Breast cancer is the most common cancer among women, and through that, trust, transparency and human judgement remain central to care. Due to this, the challenge is not simply whether AI can outperform professionals and clinicians in certain tasks, but rather if it can be safely and responsibly embedded within the healthcare system without undermining the fundamental principles of medical ethics. This article examines the balance between innovation and responsibility by exploring four key areas: ethical guidelines, data privacy, responsibility and accessibility. All these domains highlight the promise and paradox of AI in oncology and radiology, allowing a chance to enhance patient outcomes while also demanding careful safeguards to preserve medical ethics.
1. Ethical Guidelines
Artificial intelligence (AI) promises improved breast cancer detection and management, but must be implemented under clear ethical principles and regulations to ensure patient safety, autonomy and trust. In the UK, where the NHS is working to integrate AI into breast cancer services, guidance must not only meet national standards but also reflect global principles to ensure fair and responsible use (Kyle & Streetling, 2025). To achieve this, four key areas need attention: grounding AI in ethical pillars, establishing mandates for adoption, regulating human-machine roles and setting conditions for when AI should be recommended.

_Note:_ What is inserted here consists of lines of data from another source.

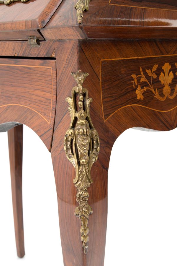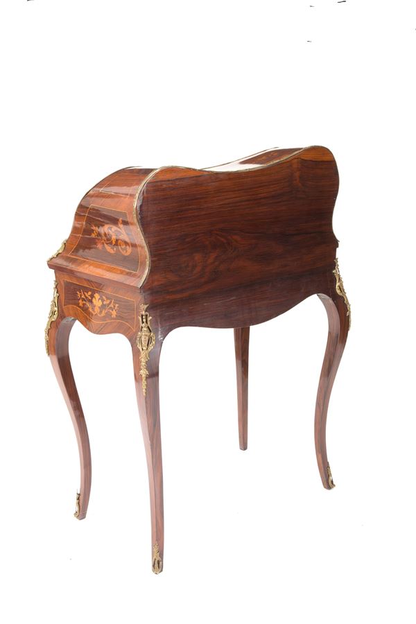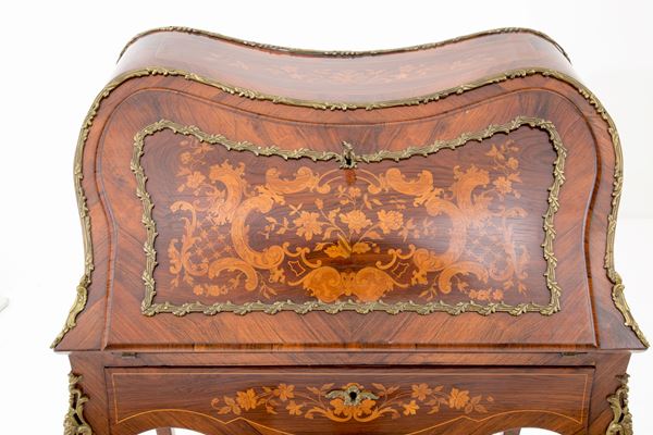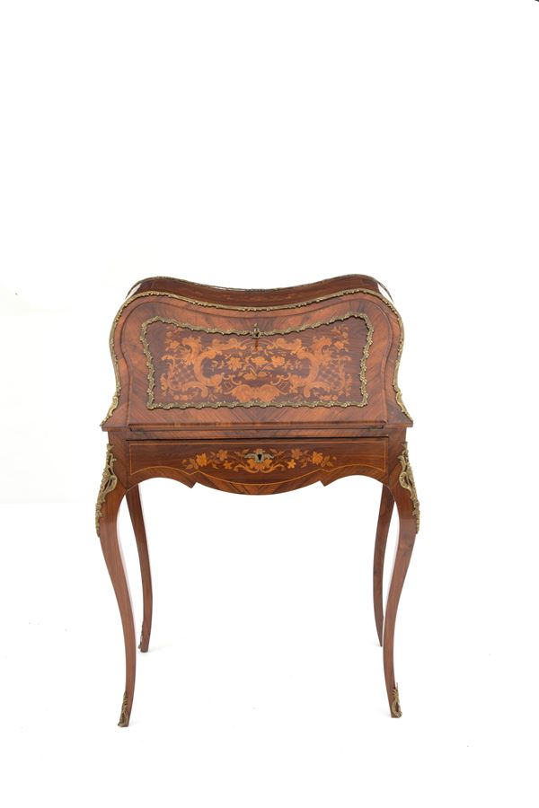 Scrittoio da centro in legni vari con gambe mosse e finiture in bronzo cesellato. XIX secolo.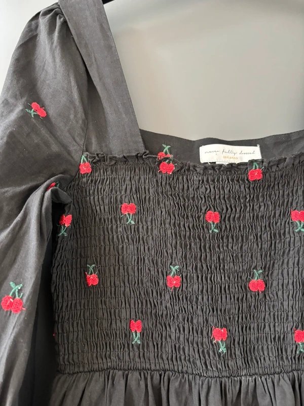 Gorgeous size 8 dress from ‘Never Fully Dressed’. Black with red embroidered cherries throughout. Shirred bust, long sleeves with elastic which can be worn full length or three quarter. Lots of volume in the skirt. Perfect for spring and summer.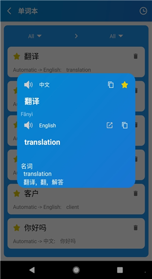 文本翻译器app是一款专门为用户们提供的文本翻译软件,它非常的好用,能够帮助用户们拍照记录文字内容,并且能够支持中文,中文繁体,英语,日语,法语,德语等多种语言的翻译!不仅可以翻译,还可以提取图片文字。只要检测到图片上有中文文字就可以提取,而且也会显示英文翻译自由收藏,支持离线翻译,让你随时随地都能进行翻译,支持在线编辑,自动复制粘贴,将文本复制到剪切板中,方便实用,提高你的工作效率和质量。需要的用户不要错过。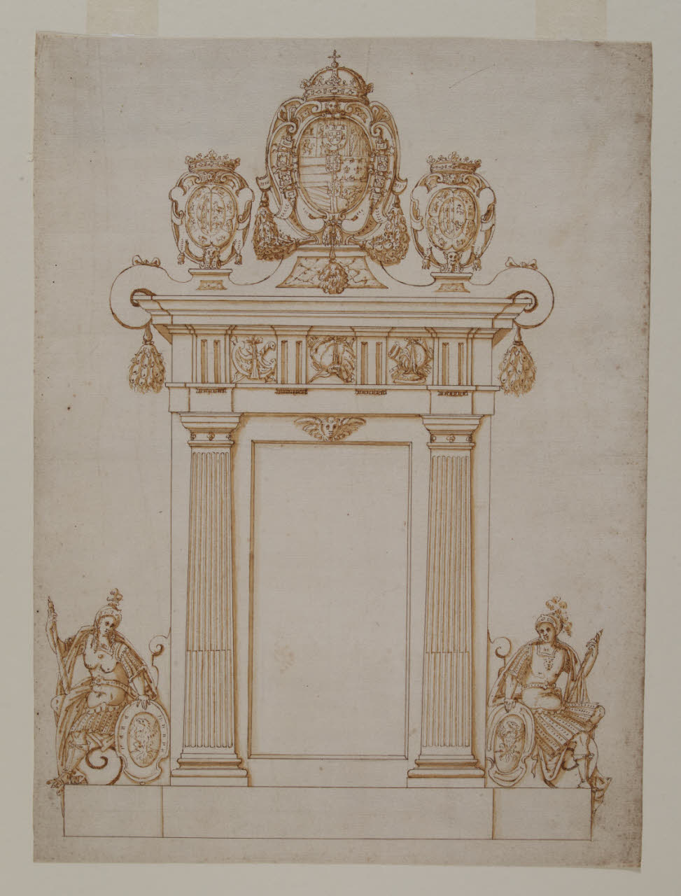 - NOTIZIE STORICO CRITICHE L'Album Tibaldi entra nelle raccolte del Civico Museo d'Arte Antica, al Castello Sforzesco, nel 1905 quando è acquistato grazie al mercante d'arte Julius Böhler di Monaco. Nel 1904 l'avvocato Giuseppe Toesca propone senza successo l'acquisto dell'album al Consiglio Direttivo del Museo. Un anno più tardi, con una grande riduzione di prezzo (da 1800 a 800 lire), la raccolta di 42 disegni entra nelle collezioni civiche su proposta di Gustavo Frizzoni e con il benestare di Luca Beltrami. L'album Tibaldi aveva fatto parte della collezione di Carlo Morbio (1811-1881), nato a Novara ma stabilitosi fin da giovane a Milano. Nel "Catalogo ragionato ed illustrazione degli autografi e dei ritratti di celebri personaggi dal Risorgimento delle lettere insino a noi, raccolti e posseduti dal cav. Carlo Morbio" (Milano, 1857, p. 97) e ancora nelle "Opere Storico-Numismatiche di Carlo Morbio" (Bologna, 1870, p. 186) è lo stesso Morbio a citare la "Cartella di Pellegrino" definita una "preziosa raccolta de' suoi disegni originali" notando come "varj sono firmati col suo monogramma" (1857). È probabile sia stato soprattutto il fraintendimento del monogramma PPAM (inscritto in un cuore sormontato da una croce), all'epoca interpretato come firma di Pellegrino Pellegrini, ad aver portato il conoscitore e chi dopo di lui ebbe modo di vedere e valutare i disegni all'errata attribuzione al Tibaldi; ancora nel 1939, Giovanni Rocco parla in questi termini del marchio dell'album nella sua pubblicazione dedicata all'impegno dell'artista della Valsolda presso il Duomo di Milano. Dopo la morte del Morbio, la figlia Giulia, moglie dell'imprenditore tessile Benigno Crespi, cede gran parte della collezione paterna al libraio Theodor Ackermann che la vende in varie aste a Lipsia. Un altro mercante tedesco, il già citato Böhler, fa da mediatore per il ritorno dei disegni a Milano. \nIl foglio 44 presenta il progetto per un portale, forse apparato effimero, culminante con tre scudi araldici; quello centrale, il più grande, è lo stemma ufficiale di Filippo II d'Asburgo re di Spagna e poi del figlio. Filippo III sposò Margherita d'Austria-Stiria nel 1598 a Ferrara passando poi anche da Milano dove la coppia fu ampiamente celebrata anche perché era intanto morto Filippo II e dunque i coniugi erano ormai regnanti di Spagna.

1.1 Grounding AI in the Ethical Pillars of Medicine and Cancer Care
Leading frameworks stress that AI systems should keep ethics and human rights as the main consideration of their design and use (Pathology Innovation, 2025). For example, the WHO’s 2021 guidance for AI in health defines six core principles: protecting human autonomy and promoting well-being and safety, transparency, accountability, inclusiveness and equity, and sustainability (Pathology Innovation, 2025; Abujaber & Nashwan, 2024). These principles align with the classic medical ethics, which are respect for autonomy, beneficence, non-maleficence and justice (Abujaber & Nashwan, 2024). For instance, respecting patient autonomy means informing patients on how their data is being used by AI (Varkey, 2021). This resembles the ethical considerations of an oncologist, ensuring AI algorithms are designed and used under the same guidelines as a doctor to maximise patient benefit while minimising harm, reflecting the medical aim of detecting cancer early while avoiding unnecessary anxiety through false positive results (Varkey, 2021; Taylor-Phillips et al., 2022).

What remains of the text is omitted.